Another post mentions Abrash's Black Book - an excellent resource.
Edit: As for books on programming Linux: it is a community thing, there are many howto's around; also find a forum, join it, and as long as you act civilized you will get all the help you can ever need.
Right off the bat, I'd say "you're asking too much." From what little experience I've had, I would recommend reading some tutorials or getting a book on either directX or OpenGL to start out. To go any lower than that would be pretty complex. Most of the books I've seen in OGL or DX have pretty good introductions that explain what the functions/classes do.
Once you get the hang of one of these, you could always dig in to the libraries to see what exactly they're doing to go lower.
Or, if you really, absolutely MUST learn the LOWEST level... read the book in the above post.
libX11 is the lowest level library for X11. I believe the opengl/directx talk to the driver/hardware directly (or emulate unsupported ops), so they would be the lowest level library.
If you want to start with very low level programming, look for x86 assembly code for VGA and fire up a copy of dosbox or similar.
Vulkan api is an api which gives you very low level access to most if not all features of the gpu, computational and graphical, it works on amd and Nvidia gpus (not all)

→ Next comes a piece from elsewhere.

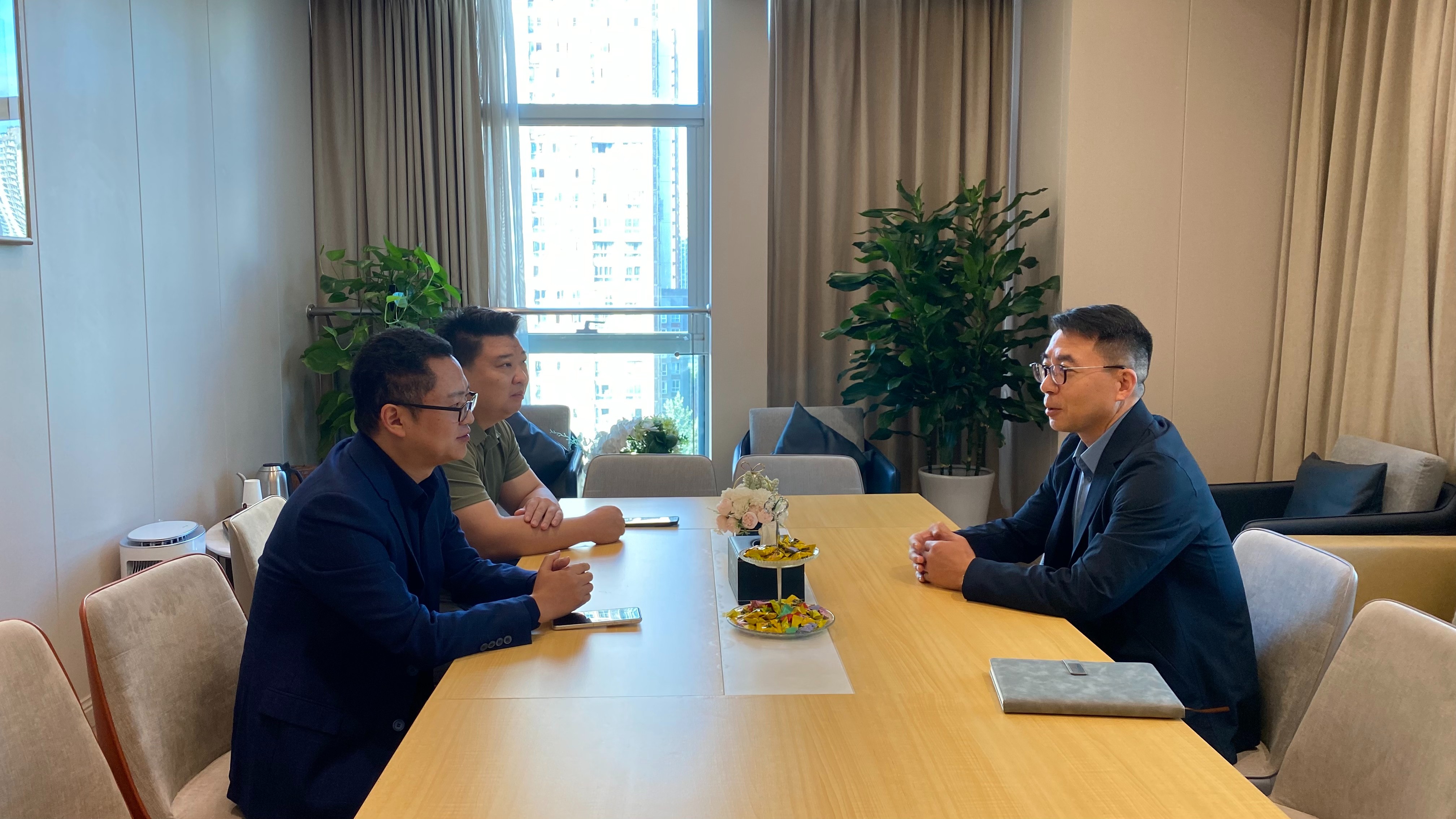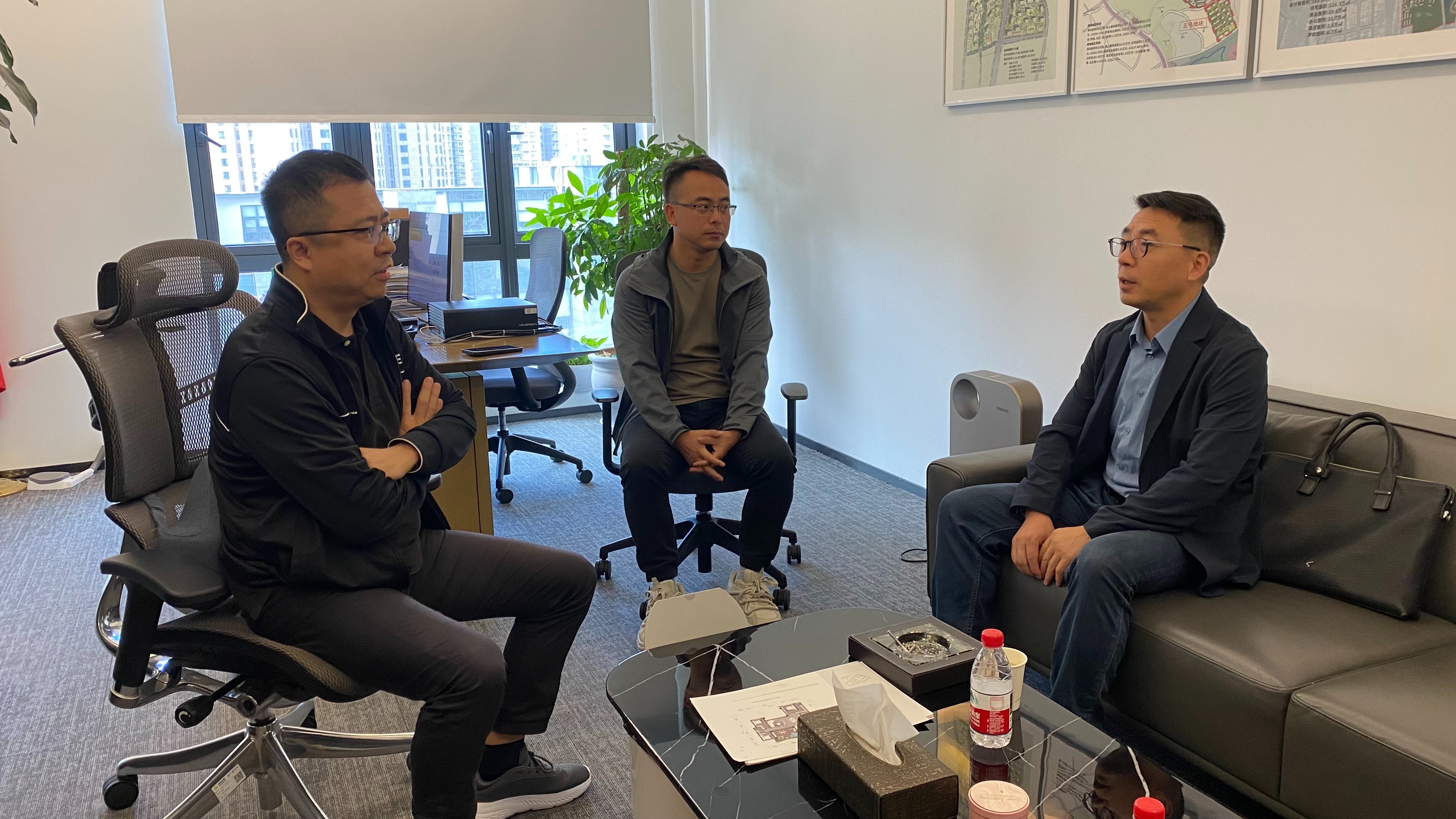 接着,龙贻军一行走访了绿地集团重庆置业有限公司,与公司总公司总经理、商会常务副会长刘杰和公司副总经理王根军进行了交流。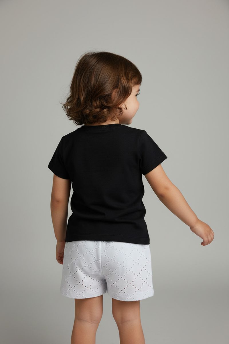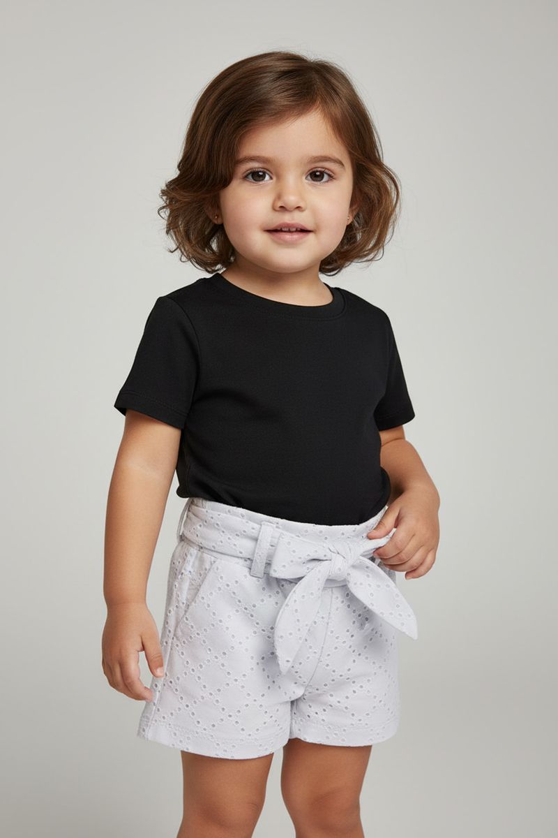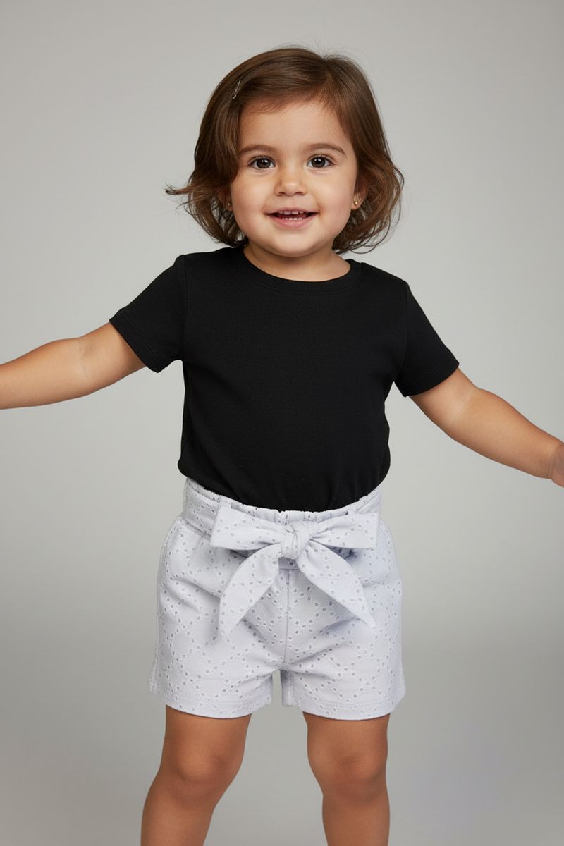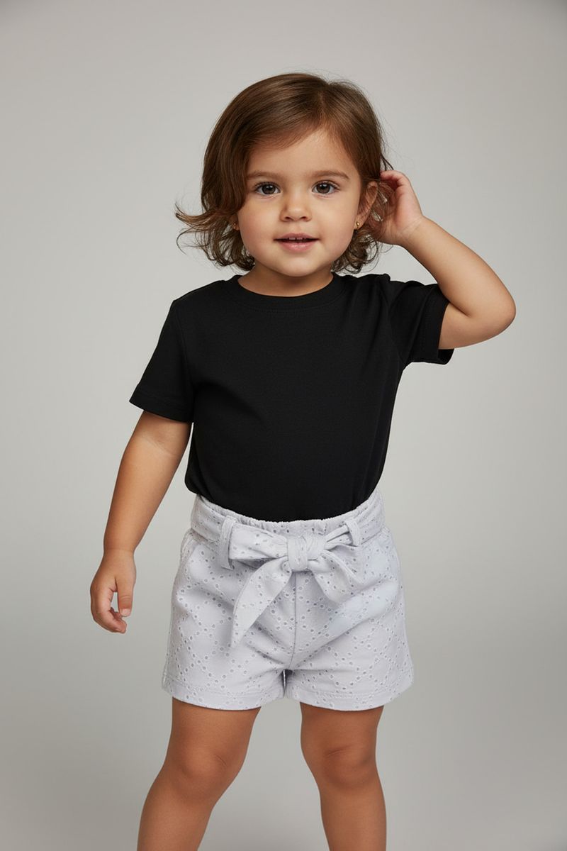 Combine o Shorts Laise Infantil Branco com uma blusa preta para um contraste moderno ou blusas coloridas para um toque divertido. Complete o look com sandálias rasteirinhas para um passeio ou sapatilhas para um evento especial. Adicione acessórios de cabelo para um charme extra e crie looks versáteis.

you can also use CUDA, but it only works on Nvidia gpus and has access to computational features only, no video output.
I woud like to create a cross-platform drawing program. The one requirement for writing my app is that I have pixel level precision over the canvas. For instance, I want to write my own line drawing algorithm rather than rely on someone elses. I do not want any form of anti-aliasing (again, pixel level control is required.) I would like the users interactions on the screen to be quick and responsive (pending my ability to write fast algorithms.)
Ideally, I would like to write this in Python, or perhaps Java as a second choice. The ability to easily make the final app cross-platform is a must. I will submit to different API's on different OS'es if necessary as long as I can write an abstraction layer around them. Any ideas?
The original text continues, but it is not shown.